- _WHAT YOU WILL DO_: From the listing below, copy only the lines running from the line that contains "キャスター付きラックに ビニールシートをつける" to the line that contains "(4) 107/07/21 公開資訊- 輔導會譴責中正紀念堂潑漆行為(如圖 12)。", both included.
Start of GIVEN RECORDS
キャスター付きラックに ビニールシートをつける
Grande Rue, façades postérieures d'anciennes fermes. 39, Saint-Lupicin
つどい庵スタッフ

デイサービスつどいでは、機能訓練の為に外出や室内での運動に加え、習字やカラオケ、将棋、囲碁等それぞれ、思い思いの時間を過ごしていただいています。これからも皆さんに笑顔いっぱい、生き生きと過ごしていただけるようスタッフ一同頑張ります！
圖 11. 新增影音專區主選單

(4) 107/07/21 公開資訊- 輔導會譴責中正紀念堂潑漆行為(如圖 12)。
End of GIVEN RECORDS
Start of GIVEN RECORDS
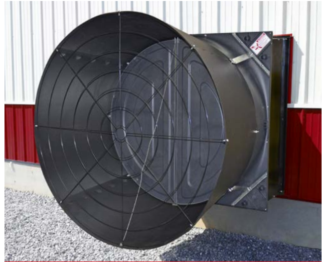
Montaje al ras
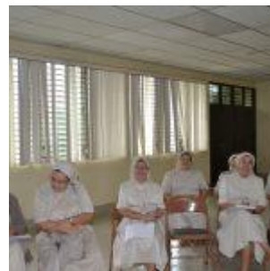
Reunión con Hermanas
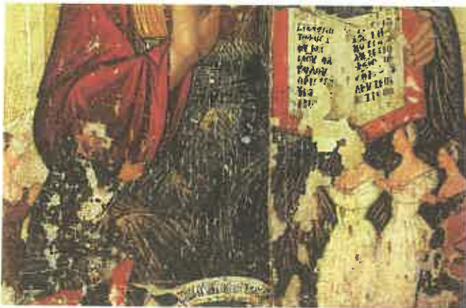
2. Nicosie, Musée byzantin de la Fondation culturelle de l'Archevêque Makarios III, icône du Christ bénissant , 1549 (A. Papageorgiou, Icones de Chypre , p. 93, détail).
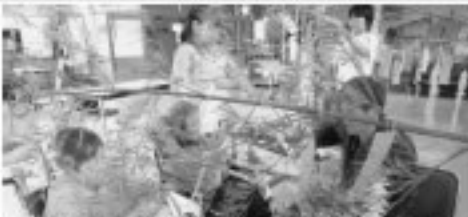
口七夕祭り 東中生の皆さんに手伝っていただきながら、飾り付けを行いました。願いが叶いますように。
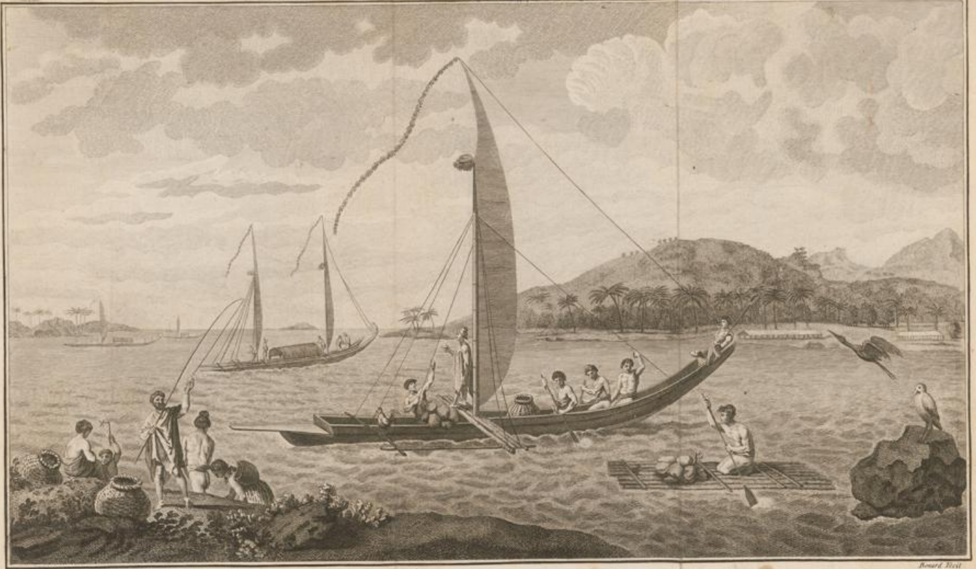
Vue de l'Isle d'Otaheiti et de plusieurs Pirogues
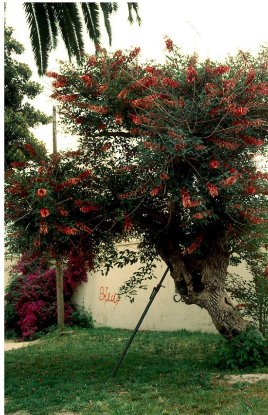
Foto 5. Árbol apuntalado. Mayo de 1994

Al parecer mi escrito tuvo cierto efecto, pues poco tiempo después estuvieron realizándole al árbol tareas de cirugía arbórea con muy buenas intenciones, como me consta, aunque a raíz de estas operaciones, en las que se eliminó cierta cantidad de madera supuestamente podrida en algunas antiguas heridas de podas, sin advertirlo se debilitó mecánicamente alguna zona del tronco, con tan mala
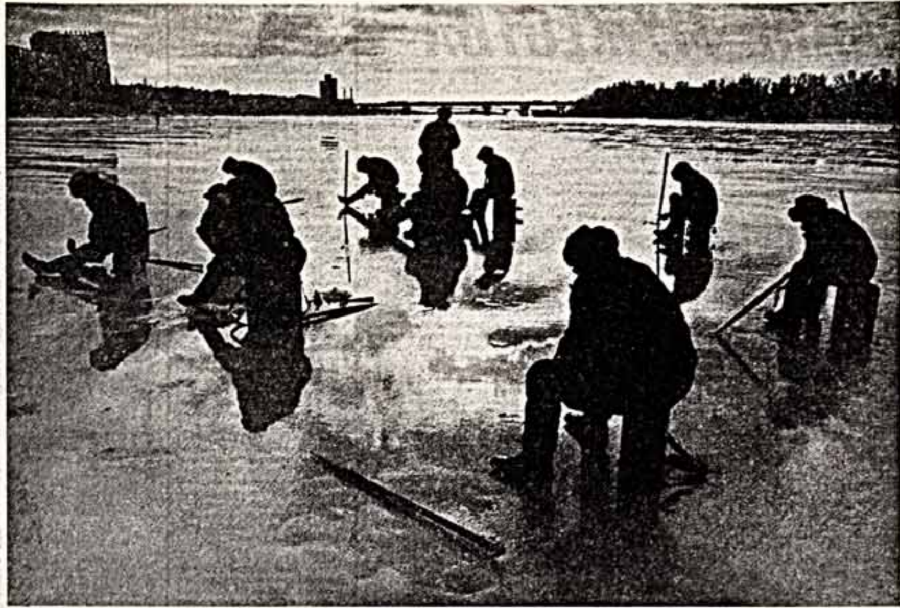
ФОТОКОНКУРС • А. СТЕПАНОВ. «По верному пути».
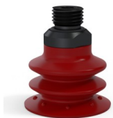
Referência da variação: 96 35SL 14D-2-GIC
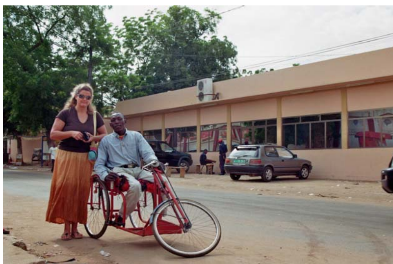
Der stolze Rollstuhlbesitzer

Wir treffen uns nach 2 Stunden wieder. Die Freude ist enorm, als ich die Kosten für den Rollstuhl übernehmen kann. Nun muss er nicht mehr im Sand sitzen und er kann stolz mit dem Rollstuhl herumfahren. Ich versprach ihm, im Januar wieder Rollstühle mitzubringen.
End of GIVEN RECORDS
Start of GIVEN RECORDS
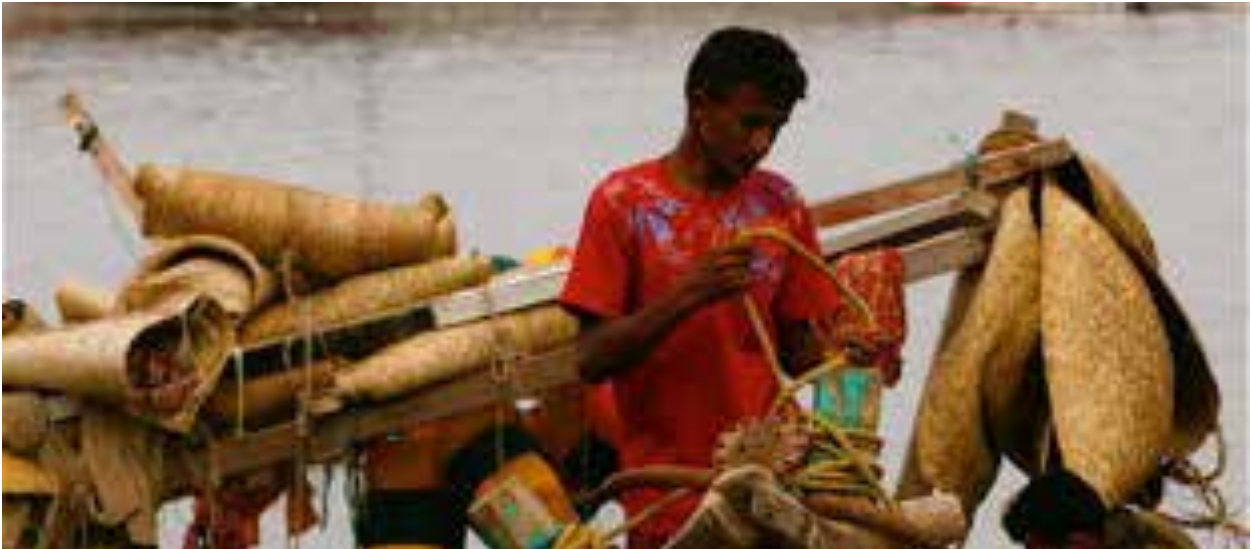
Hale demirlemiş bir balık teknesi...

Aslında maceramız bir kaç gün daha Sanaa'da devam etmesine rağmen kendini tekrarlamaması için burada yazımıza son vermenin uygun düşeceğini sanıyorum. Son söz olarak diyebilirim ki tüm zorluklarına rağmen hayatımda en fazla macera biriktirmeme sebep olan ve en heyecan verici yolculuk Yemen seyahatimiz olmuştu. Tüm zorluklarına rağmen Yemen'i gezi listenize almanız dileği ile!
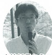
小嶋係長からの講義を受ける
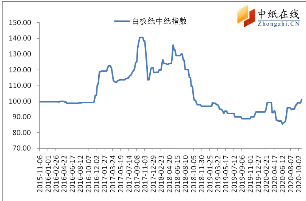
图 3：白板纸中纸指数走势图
End of GIVEN RECORDS
- _FINISHED EXERCISE_:
キャスター付きラックに ビニールシートをつける
Grande Rue, façades postérieures d'anciennes fermes. 39, Saint-Lupicin
つどい庵スタッフ

デイサービスつどいでは、機能訓練の為に外出や室内での運動に加え、習字やカラオケ、将棋、囲碁等それぞれ、思い思いの時間を過ごしていただいています。これからも皆さんに笑顔いっぱい、生き生きと過ごしていただけるようスタッフ一同頑張ります！
圖 11. 新增影音專區主選單

(4) 107/07/21 公開資訊- 輔導會譴責中正紀念堂潑漆行為(如圖 12)。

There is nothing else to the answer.